◆ **WHAT TO WORK ON**: Only the pictures are to be dropped; the rest of the data below is to be duplicated exactly.

◆ **DATASET SECTION**:
________________

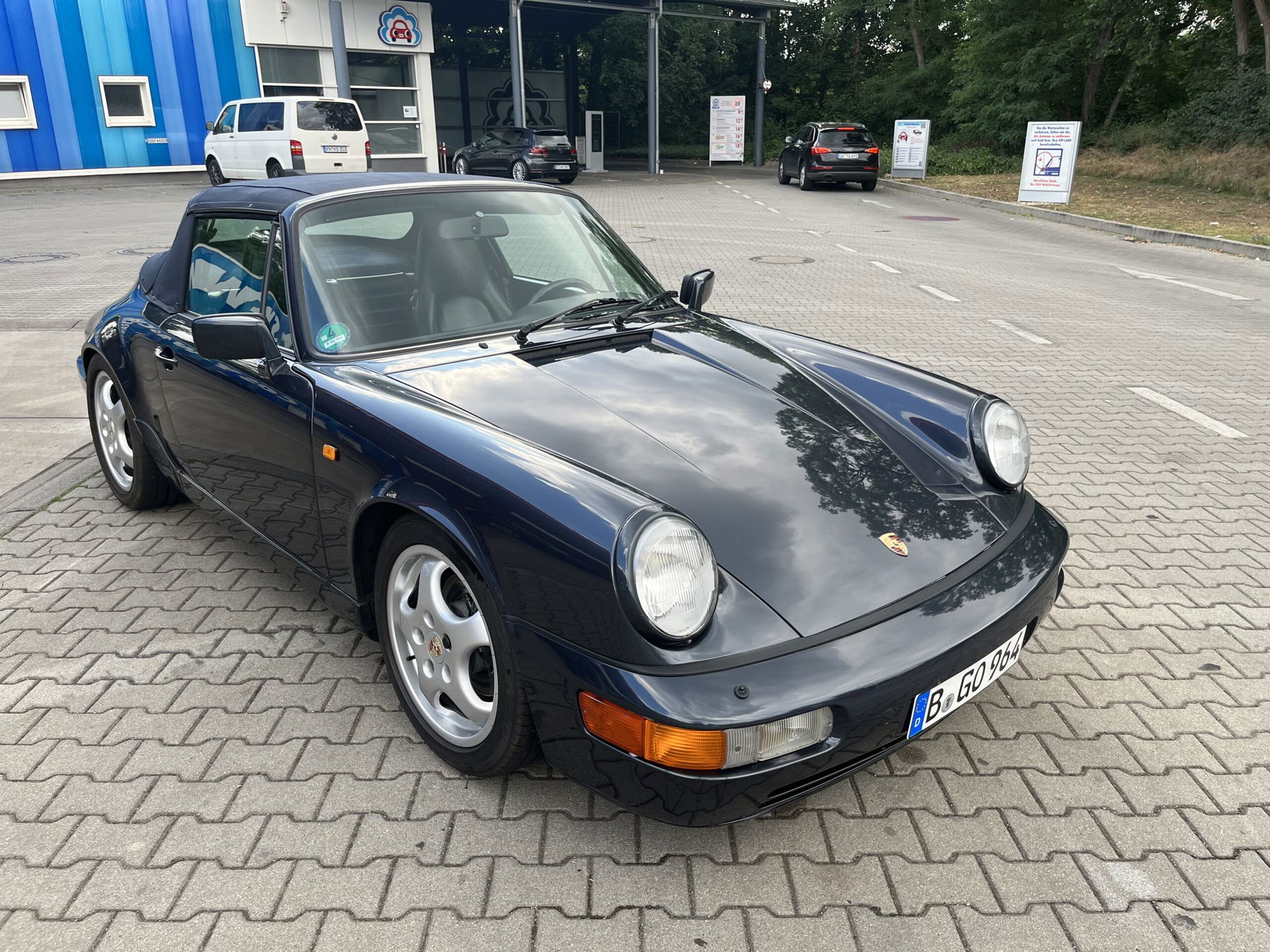 Very nice, unmodified convertible with verifiable mileage. There is a service booklet with 12 entries and a folder with various documents. The vehicle is accident-free and still has most of its original paintwork. The interior is almost flawless. The soft top is original, the rear window has been replaced. It has Cup rims and H & R suspension. My collection includes three other 964s (all coupés). I am only selling this model because I no longer have any use for it.
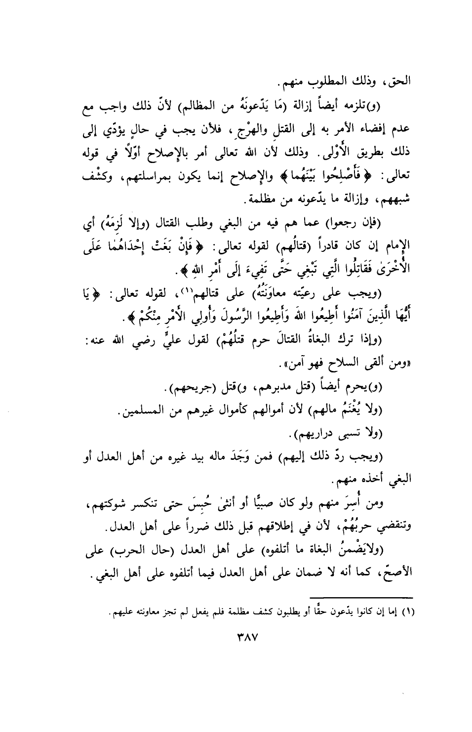 (و) تلزمه أيضاً إزالة (مَا يَدّعونَهُ من المظالم) لأنّ ذلك واجب مع عدم إفضاء الأمر به إلى القتلِ والهرْجِ، فلأن يجب في حالٍ يؤدّي إلى ذلك بطريق الأوْلى. وذلك لأن الله تعالى أمر بالإِصلاح أوَّلاً في قوله تعالى: {فَأَصْلِحُوا بَيْنَهُمَا} والإِصلاح إنما يكون بمراسلتهم، وكشْف شبههم، وإزالة ما يدّعونه من مظلمة.
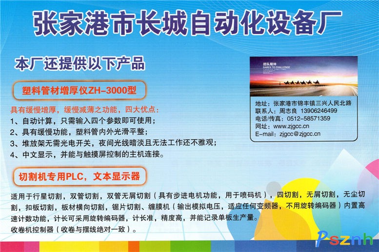 塑料機(jī)械_噴碼機(jī)_塑料管材增厚儀_紅外線糾偏儀_單相、三相可控硅直流調(diào)速裝置_飲料機(jī)械類_鋼筋調(diào)直器控制器_彎箍機(jī)控制器-張家港市長城自動化設(shè)備廠點(diǎn)擊:3279 評論:1 查看原圖 |

________________

◆ **ANSWER AREA**:
 Very nice, unmodified convertible with verifiable mileage. There is a service booklet with 12 entries and a folder with various documents. The vehicle is accident-free and still has most of its original paintwork. The interior is almost flawless. The soft top is original, the rear window has been replaced. It has Cup rims and H & R suspension. My collection includes three other 964s (all coupés). I am only selling this model because I no longer have any use for it.
 (و) تلزمه أيضاً إزالة (مَا يَدّعونَهُ من المظالم) لأنّ ذلك واجب مع عدم إفضاء الأمر به إلى القتلِ والهرْجِ، فلأن يجب في حالٍ يؤدّي إلى ذلك بطريق الأوْلى. وذلك لأن الله تعالى أمر بالإِصلاح أوَّلاً في قوله تعالى: {فَأَصْلِحُوا بَيْنَهُمَا} والإِصلاح إنما يكون بمراسلتهم، وكشْف شبههم، وإزالة ما يدّعونه من مظلمة.
 塑料機(jī)械_噴碼機(jī)_塑料管材增厚儀_紅外線糾偏儀_單相、三相可控硅直流調(diào)速裝置_飲料機(jī)械類_鋼筋調(diào)直器控制器_彎箍機(jī)控制器-張家港市長城自動化設(shè)備廠點(diǎn)擊:3279 評論:1 查看原圖 |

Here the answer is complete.